There are many days I wish I had a Costco membership. Most of those days I wish I had a membership are when I really want a rotisserie chicken (the ones I’ve shared with friends were unbelievably good) or a $1.50 hot dog. I can’t get behind those chicken bakes, however.
But we’re just a two person household on a limited budget, so I’m more or less constrained to Aldi and local supermarket sales stuff. Still, Costco, you’re not making it any less tempting when you do things like selling more than two pounds of tiramisu for $13.99 through Christmas Eve (according to Yahoo!).

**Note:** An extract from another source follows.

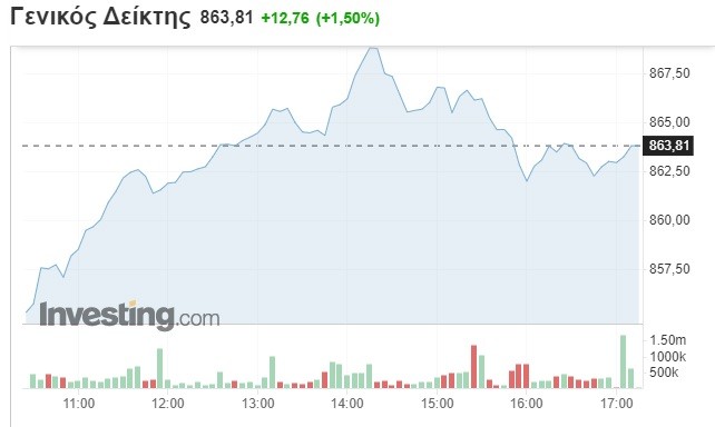 Πιο συγκεκριμένα, ο Γενικός Δείκτης σημείωσε αξιοσημείωτη άνοδο κατά 1,50% και διαμορφώθηκε στις 863,81 μονάδες (υψηλό 2μήνου) κερδίζοντας περισσότερες από 12,5 μονάδες σε σχέση με το κλείσιμο της Παρασκευής (851,05 μονάδες). Το τόξο των ημερήσιων διακυμάνσεων καθορίστηκε σε 14 μονάδες (από 854,56 έως 868,90 μονάδες), με τον τζίρο των συναλλαγών να κυμαίνεται στα 60 εκατ. ευρώ.

I would like to go see this in person, but I’ll live vicariously through sites that taunt me. Like, here’s a damn three-pound red velvet cake from Junior’s that’s making me jealous again. Further research reveals that there are even Instagram accounts that are dedicated to finding cool things at Costco that are relative deals compared to standard bulk prices, like this one:
Thirteen dollars (okay, $12.99) is an excellent price for five vanilla beans. I love it. I hate it. But then of course, there’s the constant crowds. A wonderful friend of mine told me her secret to shopping at Costco to avoid the masses, and it’s to visit at 6:45 p.m. on a Friday night. But again, I’ll have to take her word for it. Take a lot of photos of giant bounties of toilet paper, beef tenderloin, along with pallets upon pallets of pickles and energy drinks for me, please. Tell me all about your weird finds, like ceiling-mounted video projectors that sprinkle champagne all over you for the low, low, price of $34.99. Okay, I made that last one up. I think.